The Algorithm Is Watching—and Deciding
Social media and dating apps are not neutral platforms. They are curators of beauty, rewarding certain looks, punishing others. Filters reward symmetry. Engagement boosts filtered perfection. AI-generated faces go viral. The algorithm becomes the new gatekeeper of beauty.
And in this system, even perfection is disposable.
The Real Cost: Identity, Confidence, and Worth
What’s being lost is not just appreciation for natural beauty—it’s women’s ability to feel whole in their own skin. As Oakley says, “We’ve created a culture where women are expected to live up to a standard that doesn’t exist, and then punished when they dare to believe they’re beautiful.”

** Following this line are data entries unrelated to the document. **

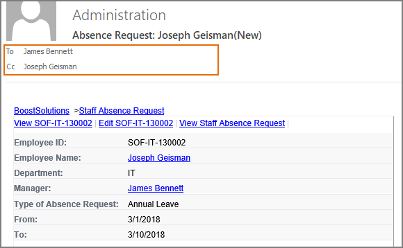 Then, the users James Bennett (the To… recipient), Joseph Geisman (the CC… recipient), and Cynthia Carey (the BCC… recipient) will receive a notification email as following.
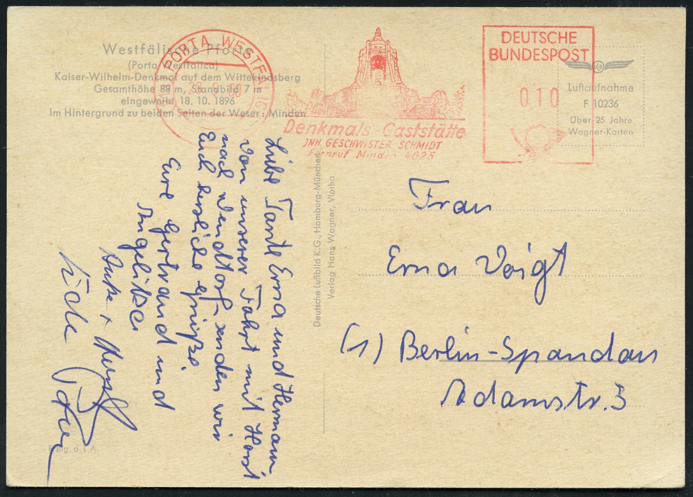 8868 | 20 € | PL-Raum 49.. (ohne Herford) : (21a) PORTA WESTFALICA/ Denkmals-Gaststätte/ JNH.GESCHW.SCHMIDT 1960 (29.5.) AFS Postalia = Kaiser Wilhelm I.-Denkmal = Hauspostamt Ausflugs-Lokal , motivgl. Color-Foto-Ak.: Wilhelm I.-Denkmal = Fremdnutzung Firmen-Freistempels durch einen Gast, Bedarf n. West-Berlin (Dü.E-23 B) | ![]() ![]() ![]() | |
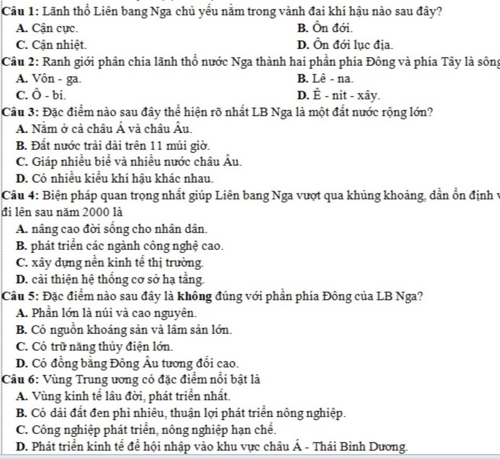 2:Địa hình Liên Bang Nga cao ở phía đông, thấp dần về phía Tây. Dòng sông Ê-nit-xây chia Liên bang Nga thành 2 phần rõ rệt: phần phía Tây và phần phía Đông (sgk trang 62)

Dr. Gabriel echoes this: “Beauty has historically been about aspiration. But today, it’s about engineering identity to meet a moving, artificial target. And the more you chase it, the further away it gets.”
The Beholder Is Now a Bot
The definition of beauty used to lie in the eye of the beholder. But the beholder is now an algorithm—and its standards are inhuman. In this climate, even icons like Marilyn Monroe or Cleopatra are no longer good enough. And if they aren’t, who is?
This isn’t just a conversation about aesthetics—it’s about autonomy, confidence, and who gets to define worth in a digital world.
If beauty is no longer real, how can we ever feel beautiful again?